Finding you train and “diet” but just don’t get the results you want? Eat more – Lose more…..
You may be surprised that one of the most common reason for a fat loss plateau is undereating. Yes, starving your body may be causing your metabolism to slow and your body to actually hold on to fat stores.
Eating more to increase your metabolism and promote fat loss may seem counterintuitive, but there is truth to this concept when approached strategically. Yes, I know this will screw with your head, but stay with me.
It’s important to clarify that “eating more” doesn’t mean indulging in unhealthy or excessive amounts of food. It involves making thoughtful dietary choices and considering factors that influence our metabolism and fat loss. Calories in – calories out and providing our bodies correct energy requirements.
We need to nourish our bodies for fat loss. We need to eat enough to not only sustain life and organ function but to supply enough fuel for our everyday activities. When we under eat we DO NOT do this. We starve our bodies of nourishment. We slow our BMR ( Basal Metabolic Rate).
What’s your Basal Metabolic Rate (BMR)?
BMR is the amount of energy your body needs to perform basic functions like breathing, digestion, and cell maintenance. When you decrease your calorie intake, such as during dieting, your body may reduce its BMR to conserve energy. This means you burn fewer calories at rest, making it more challenging to lose weight.

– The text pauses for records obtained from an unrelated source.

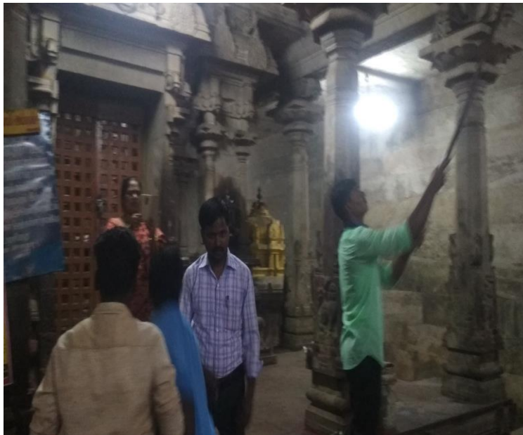
Students cleaning the temple premises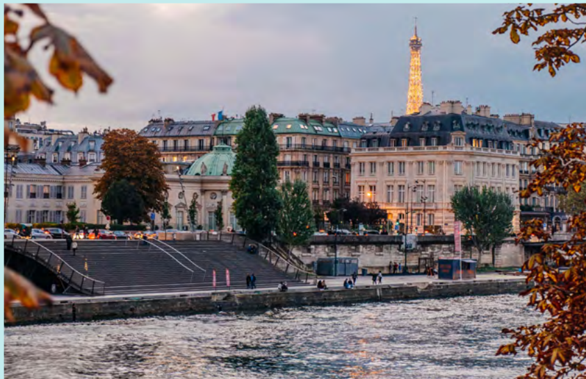
BANKS OF THE SEINE RIVER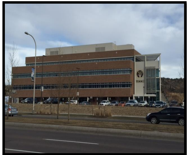
The Lane Center

The Winslow BMW Dealership opened along the east side of N. Nevada Ave to the north of UCCS. Construction is under way for the Colorado General Hospital, a 52 bed hospital which will be located near I-25 along the west side of N. Nevada Ave.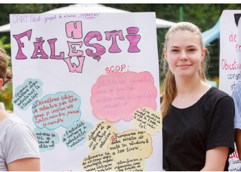
Proud youth group member of the civic education project is presenting the vision and planned activities in their community, summer camp, Moldova, 2019.

chains including the regulatory framework and business support services that will lead to private sector growth thus creating more and better jobs.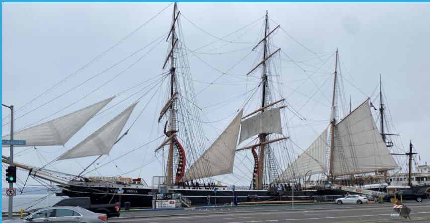
Star of India at the Wharf

The museum also has a replica of a San Salvador galleon from Juan Rodriguez Cabrillo's expedition that landed in Point Loma.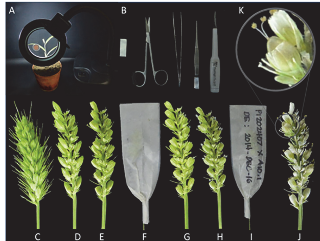
Fig 2. Manual emasculation of Setaria viridis . Equipment needed for manual emasculation included (A) a magnifying glass, (B) glassine bag, scissors, forceps and ear pick. (C) A panicle of correct developmental stage, when the lowest spikelet of the panicle was between 0 to 2 cm from the collar of the flag leaf, was selected for emasculation. (D) The spikelets from the tip and base of the panicle were trimmed leaving approximately 10 to 20 spikelets, and then their bristles were trimmed. (E) One third of each spikelet was removed using sharp scissors and then all three anthers from each spikelet of the panicle were removed using an ear pick and/or forceps. (F) The emasculated panicles were enclosed in glassine bags. (G) On the following day, the spikelets were checked and were dusted with pollen. (H) The pollination was repeated for two days. (I) The emasculated and pollinated panicles were then bagged until seed set. (J) Seed set was checked 10 to 12 days after pollination, if immature seed germination was required. (K) The seeds were allowed to mature and were harvested with care to avoid shattering.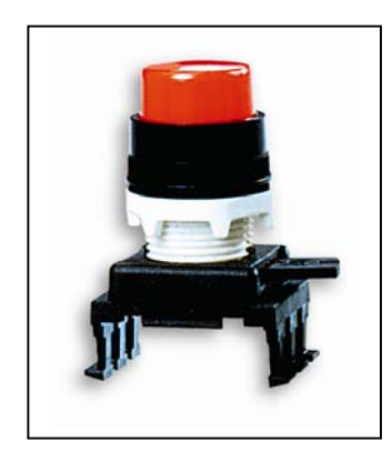
Fig. 2 Drive with outstanding button Bi-stable HF45C

special rotatory lever , and to the bracket to press (latched) the suitable quantity of NO and NC connectors (Fig. 4) or the modular bracket for light sources - HC61 (Fig. 5). Connecting set can be composed from one, two or three connectors arranged in tiers. If we want to obtain the backlit button , then with the central element in the set should be the bracket for light sources. To connect second and next tiers for the purpose of making vertical cascade , serve special HC1 brackets (Fig. 6). One can build also the horizontal cascade using NO and NC connectors. This can be achieved using side-bracket HC9 (Fig. 7). For every tier of connectors one can be used just one NO oe NC connector installed side by side. For backlit buttons and signaling lamps are light sources - BA9S bulbs (max. 11x28)- with maximum power 2, 6W and voltage - 6V, 12V, 24V, 48V, 110V and 230V. ETISIG system uses two kinds of signaling lamps- modular HBO (Fig. 8) fastened on brackets, and integrated LED (Fig. 9) fastened directly in the assembly- opening with the diameter Ř 22, 3 mm. A light source integrated in lamps is electroluminescence diode LED with rated voltage AC /DC 12V, 24V, 48V, 110V, 240V. Both have two kinds of shining lenses : smooth and notched.

If you’re looking for fat loss, then this “dieting” strategy may work to start. You may see some initial results but this will not last. Your body will adapt. It will even start to hold on to fat as part of its natural survival mechanism.
While our body’s fat storage mechanisms were designed for survival, in modern times of abundant food and sedentary lifestyles, excessive fat accumulation can lead to health problems like obesity and related conditions.
What else comes into play for your fat loss plateau?
- Thermic Effect of Food (TEF): TEF is the energy expenditure associated with digesting and processing the food you eat. If you eat less, your TEF may decrease because there’s less food to digest. Conversely, eating more can increase TEF.
- Physical Activity Adjustments: When you reduce calorie intake or increase physical activity, your body may respond by becoming more efficient in using energy during exercise. This can lead to a plateau in weight loss or reduced weight loss over time.
- Hormonal Changes: Hormones play a crucial role in regulating metabolism. Prolonged calorie restriction can lead to hormonal changes, such as decreased levels of leptin (a hormone that regulates appetite) and increased levels of ghrelin (a hunger hormone), which can increase hunger and make it harder to maintain a reduced calorie intake.
- Muscle Loss: Severe calorie restriction can lead to muscle loss, which can further decrease BMR. Since muscle tissue burns more calories at rest than fat tissue, losing muscle mass can slow down metabolism.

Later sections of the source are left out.